Pink slips started going out this week at tech giant Amazon, the latest in a wave of late-year layoffs.
On Tuesday, Amazon laid off 14,000 corporate workers, about 4% of its worker population. Reuters reports that the move is part of a larger reduction that could affect 30,000 employees, slashing the corporate workforce by 10%.
While AI is often cited in recent headlines as the culprit behind workforce reductions, a public memo from Amazon leadership instead pointed to successful efforts at “reducing layers, increasing ownership and helping reduce bureaucracy.”
That’s not to say Amazon isn’t acknowledging AI as a factor in the layoffs, however. As tech creates demand for businesses to move more quickly, Amazon is “convinced that we need to be organized more leanly, with fewer layers and more ownership, to move as quickly as possible for our customers and business,” wrote Beth Galetti, senior vice president of people experience and technology at Amazon.
The Amazon layoffs likely reflect a “strategic ‘talent remix,’ ” say researchers at Gartner.

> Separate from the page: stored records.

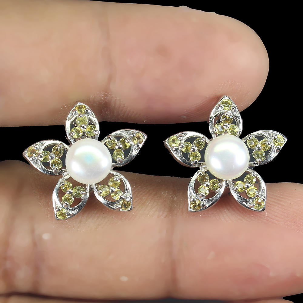 * STONE 2.0 MM. * PEARL 7.0 MM. * FACE EARRINGS 19.0 X 18.0 MM.
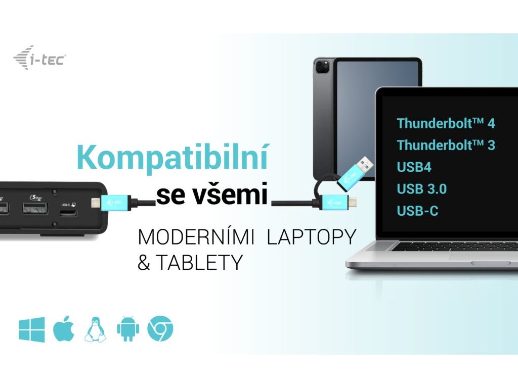 • Univerzální dokovací stanice kompatibilní s notebooky a tablety s rozhraním USB-C, USB-A a Thunderbolt.• 2x DisplayPort a 2x HDMI podporující až dva displeje 4K/60Hz (platí i pro platformu Apple M1/M2) nebo jeden displej 5K/60Hz.
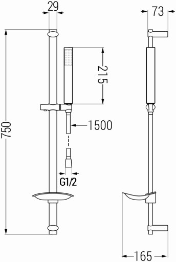 - Odległość od ściany: 165 mm
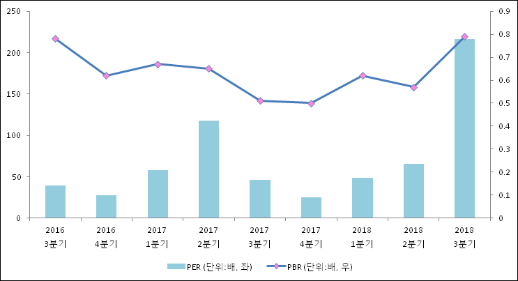 주가가 1주당 수익의 몇배가 되는지 나타내는 주가수익비율(PER)은 216.2배로 나타났다. 이는 최근 일년과 비교했을 때 급등한 수치이다. 3분기 주가는 하락하였으나 EPS의 하락폭이 컸기 때문이다. 전년 동기 PER은 46.56배로 이번 분기에 상승했다.주가가 1주당 순자산의 몇배인지 알려주는 주가순자산비율인 PBR은 0.79배이다. 지난해 동기 PBR은 0.51배로 이번 3분기 PBR이 상승했다.
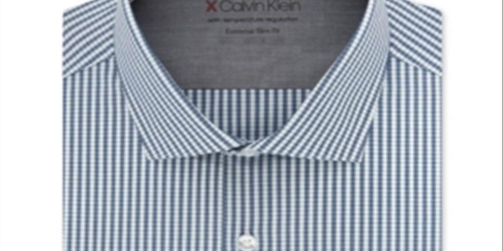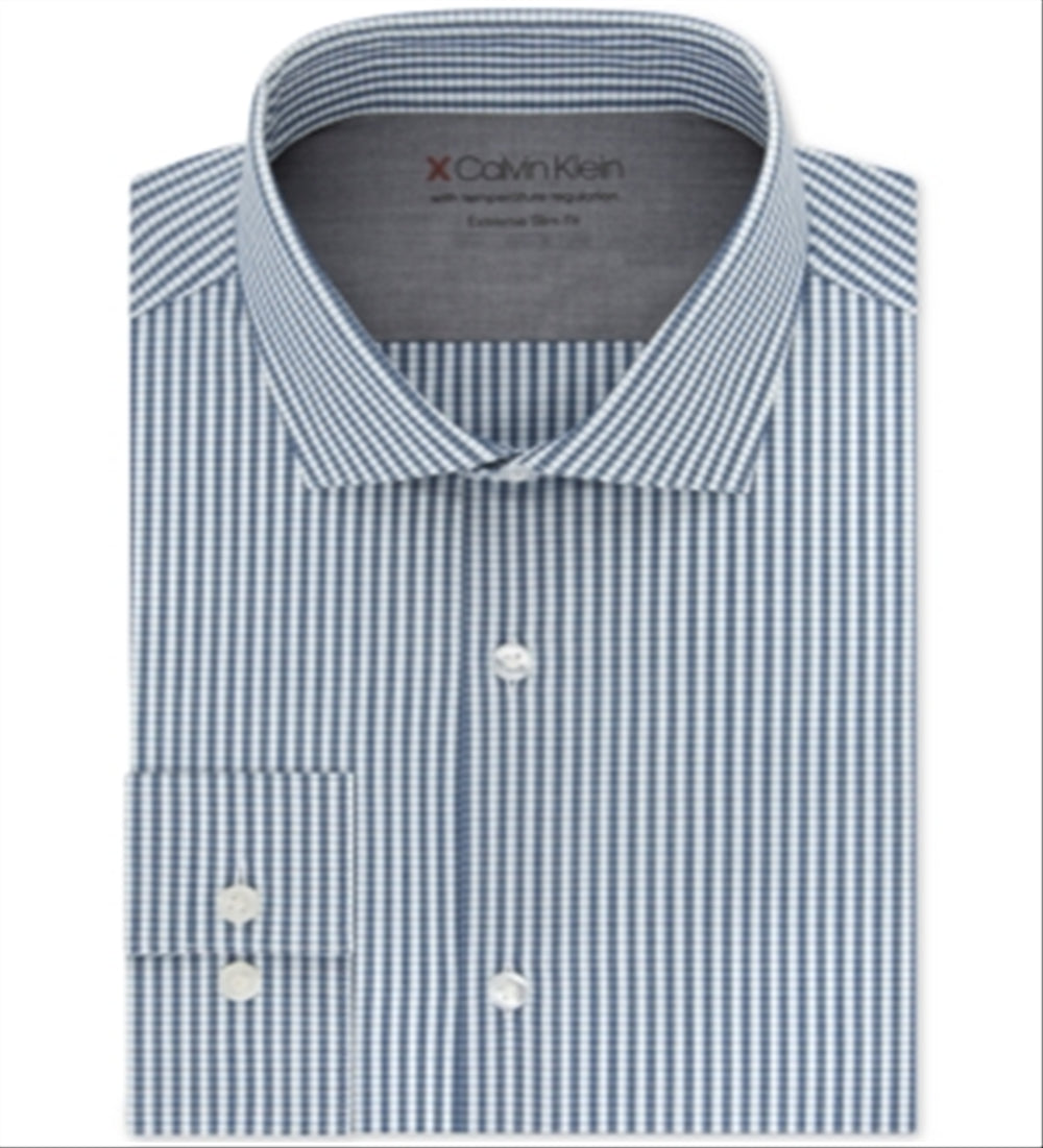 Camisa social masculina Calvin Klein Extra-Slim Fit Performance Stretch com regulagem de temperatura e xadrez, multicolorida, azul, tamanho 17,5x32-33
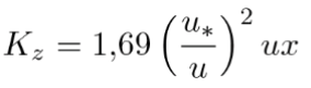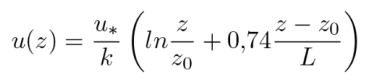 onde z0 representa a rugosidade do solo, L é o comprimento de Monin- Obukhov, u∗ é a velocidade de fricção e k representa a constante de Von Karman. Considerando as condições de vento fraco nas direções horizontais, foi usado um sistema de duas equações acopladas de Langevin para representar a flutuação no vento.
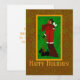 Este design de Férias funde os movimentos Art Nouveau e William Morris Arts e Artesanatos desde o início da década de 1900 em um trabalho artístico original sofisticado e na moda. Apresentando uma mulher vestida aos novinhos na sua casaco de Natal e cachecol enquanto ela caminha com seu lindo Terrier negro escocês que também está vestindo seu cachecol! Nostálgico e divertido, retrô e moderno ao mesmo tempo.
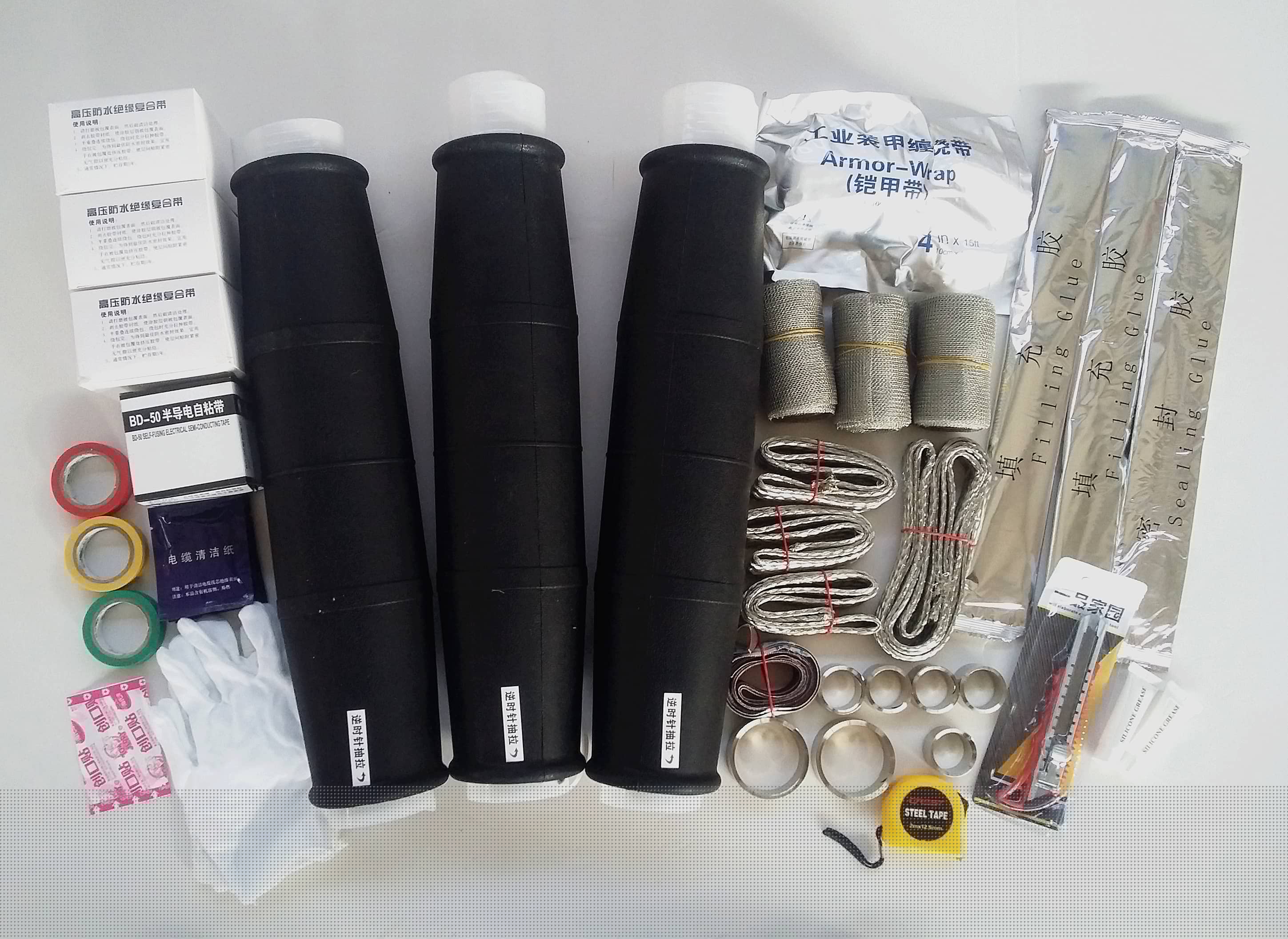 3、所有硅橡膠都為進(jìn)口, 硅橡膠具有優(yōu)良的絕緣性的高彈性,安裝后始終保持對(duì)電纜本體合適的徑向壓力,使內(nèi)界面結(jié)合緊密,不會(huì)因電纜運(yùn)行時(shí)的呼吸作用而產(chǎn)生電擊穿。應(yīng)力控制部分與主絕緣復(fù)合為一體,有效地解決了電纜外屏蔽 面處的電應(yīng)力集中問(wèn)題,確保絕緣可靠,運(yùn)行安全
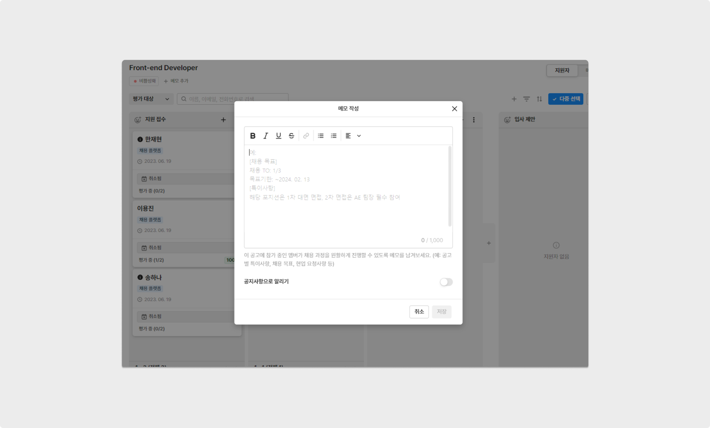 작성된 공고 메모는 공고를 참여한 모든 멤버가 확인할 수 있으며, 1000자 까지 작성할 수 있습니다.
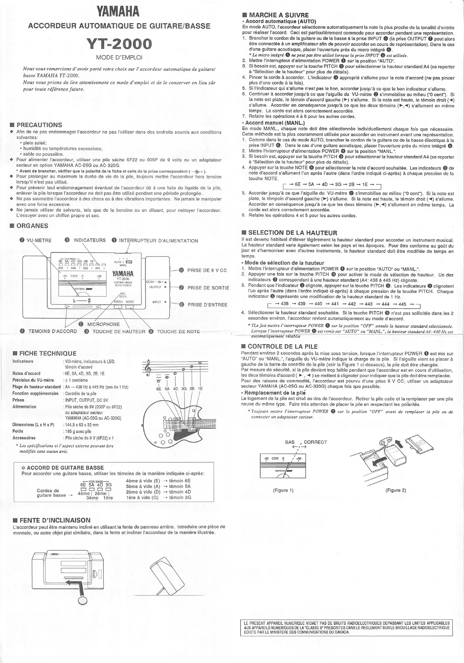 Yamaha YT-2000 - Identification des Composants; Organes de lAccordeur; Procédures dAccordage; Accord Automatique (AUTO)
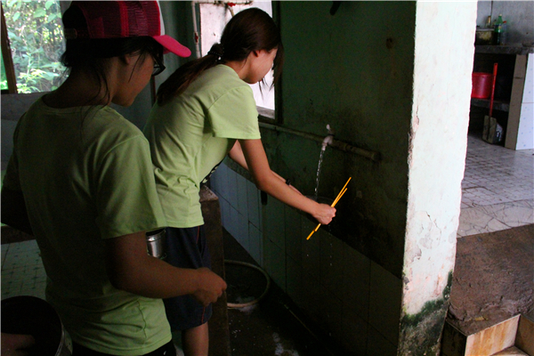 清苦的环境使我们必须团结友爱。每当有人需要什么,同学们总是不吝啬于伸出援助之手,有人掉队了,前面的同学便停下等待或者拉他们一把,然后继续前进。有同学因为要做的工作太多,马上就有其他同学帮助他,让他减轻负担。第一天我们就愉快地合作,懂得知足常乐,学会珍惜。原本总是抱怨学习生活艰苦的我们在看到农村小朋友们虽然学习生活条件要更加艰苦,但仍然留校学习,也从来没有听说过他们抱怨。
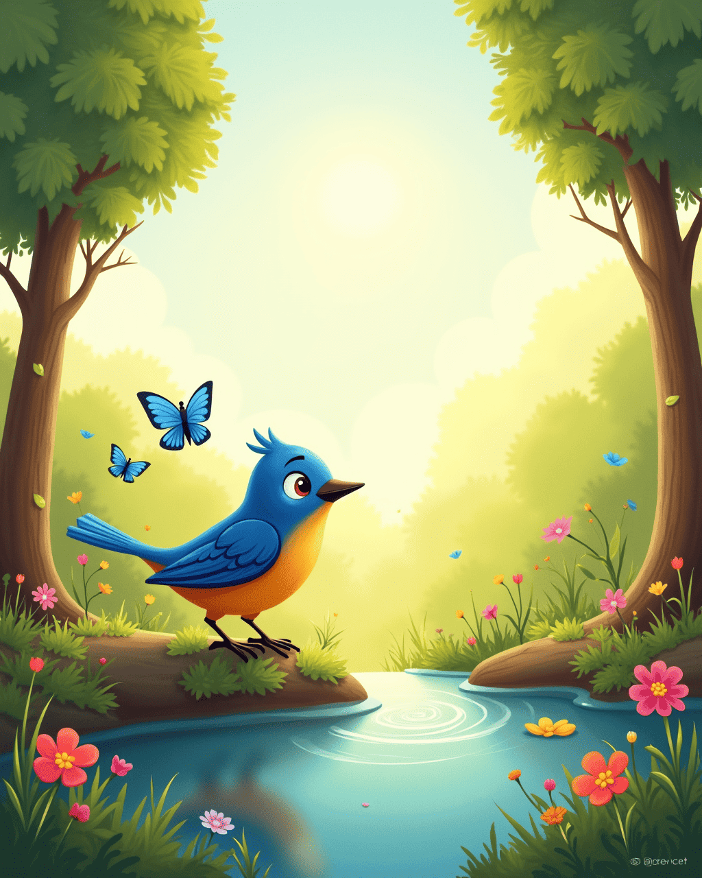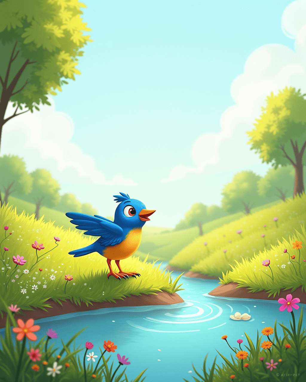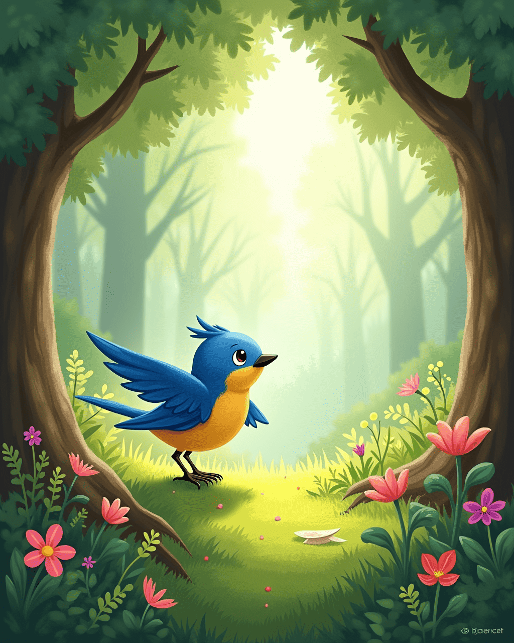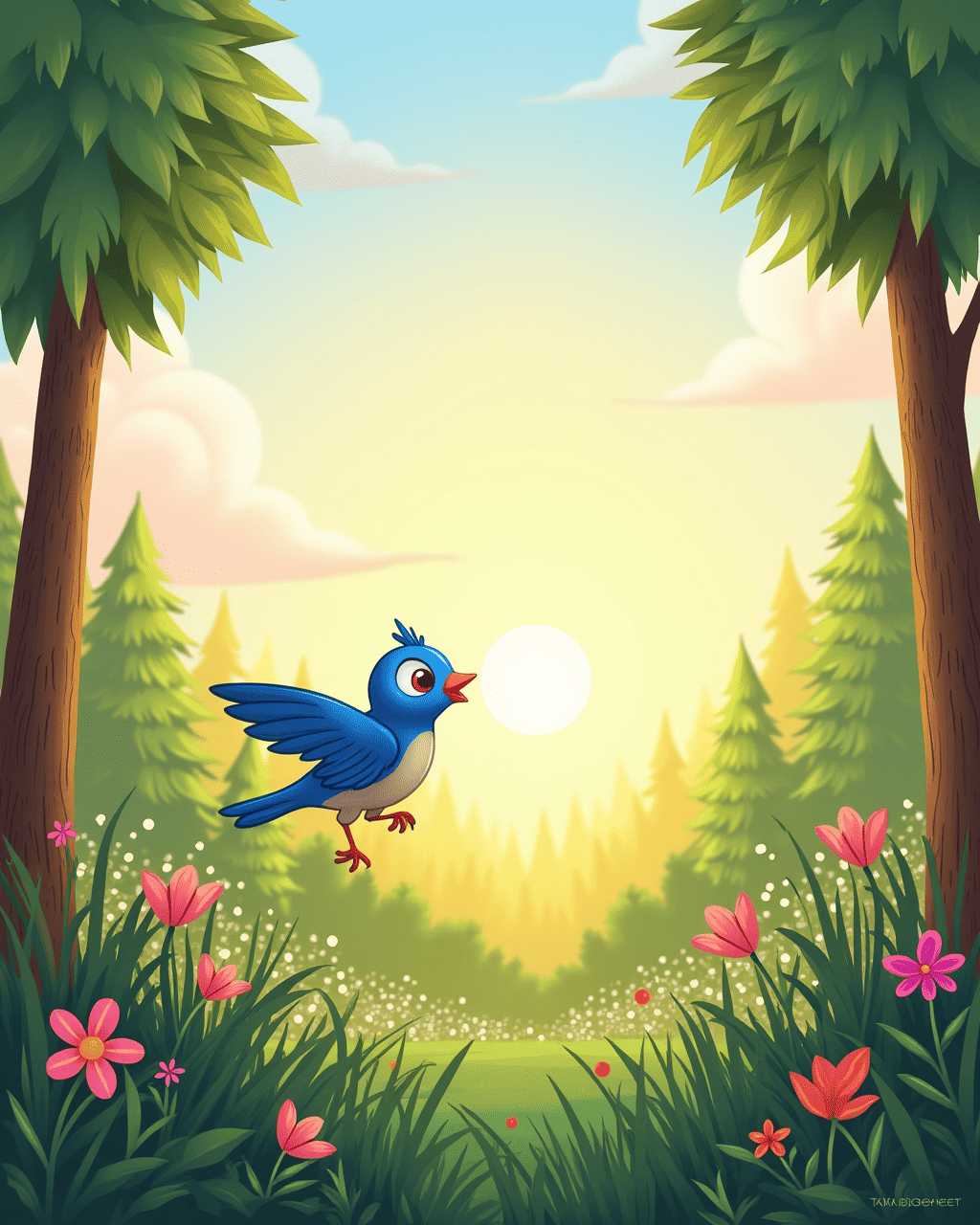 The sun rose over the emerald forest, painting the sky with hues of pink and gold. In a clear, silver spring, a tiny bluebird called Lila fluttered, eager to start her day. Lila had heard the forest elders speak of a secret place where birds could bounce higher than the clouds. Determined to find it, she perched on a tall pine and decided to spread her bright wings toward the bright horizon. With a hopeful chirp, she leapt, feeling the wind kiss her feathers and she began her adventurous bounce.
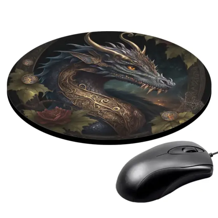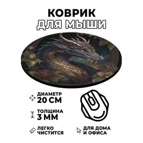 Коврик для компьютерной мыши с изображением дракона — это не только практичный аксессуар, но и стильный элемент декора рабочего пространства. Его диаметр составляет 20 см, а толщина — 3 мм, что обеспечивает комфортное использование. Изображение на коврике отличается стойкостью и четкостью, придавая ему выразительность и яркость. Благодаря качественной поверхности обеспечивается отличное скольжение мышки, что делает работу за компьютером более приятной и эффективной. Этот коврик станет оригинальным подарком или дополнением к личному стилю в офисе или дома.
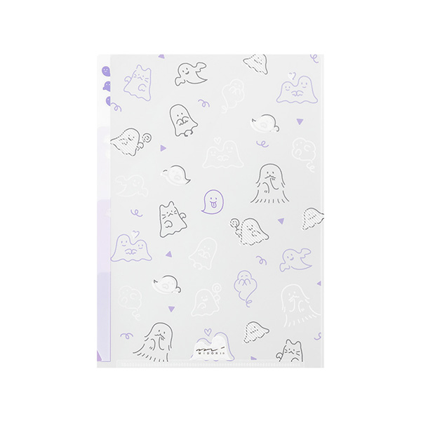 「おばけ柄」は、ユニークなおばけたちと本体のクリア素材がマッチした、ポップなデザインです。
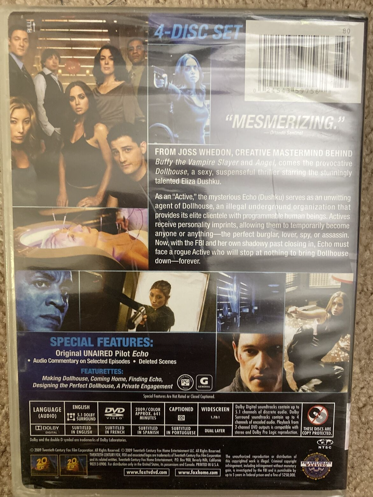 Dollhouse Season 1 (DVD, 2009, 4-Disc Set) Eliza Dushku Joss Whedon Joss Whedon's Dollhouse Season One DVD Brand New Sealed. Please see pics. I ship out Fast
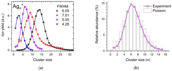 Figure 1a shows a few selected cluster size distributions of silver cluster ions resulting from the pickup of atomic silver vapor (formed via evaporation of bulk silver in an ohmically heated oven) into mass-per-charge selected helium droplets (~2 × 105 He atoms per charge at an average charge state of = 10). Depending on the number of He atoms per charge and the silver vapor pressure, it is possible to shift the average cluster size to any desired value. In the present case, we changed the pressure of the silver vapor by setting the temperature of the oven between 994 K and 1046 K. With increasing temperature, the average silver cluster size increases. All four experimentally determined cluster size distributions (solid symbols) exhibit relatively narrow asymmetric peak shapes that can be effectively reproduced by a superposition of two Gaussian peak functions (solid lines). In the case of small average cluster sizes (blue triangles and magenta diamonds), the centers of the two Gaussians are less than 1.3 cluster sizes apart, whereas this difference increases to up to 5.2 for larger average cluster sizes.

It appears the organization is “reallocating resources to high-priority business areas, rather than [the layoffs] directly resulting from AI-driven productivity gains.”
The news comes as UPS this week also announced it has already cut 48,000 jobs this year, and Target unveiled plans to eliminate 1,800 corporate roles.
Despite the high-profile nature of the layoffs, Gartner research found that less than 1% of the cuts it tracked in the first half of this year were directly related to AI taking over jobs.
“AI is not yet ready to replace the large majority of jobs,” researchers say. “In most cases, staffing shifts appear to be a byproduct of freeing up capital expenditures for investments and not a direct consequence of AI replacing human roles.”
Regardless of how influential AI is over potential layoffs, HR has a critical part play in the process, says Erin DeVito, general manager North America at experiential learning company Impact International.
“HR’s role is to keep the human conversation alive, ensuring efficiency doesn’t come at the cost of engagement, capability and culture,” DeVito says. “Technology can scale output, but people drive learning, creativity and trust—the things that sustain an organization through disruption for the long game.”
Emphasizing the long view will be essential for HR leaders if workforce reductions are on the horizon. Gartner’s research finds that 65% of organizations have undertaken cost-cutting efforts in recent years; yet just 11% actually sustained lower costs through a third year.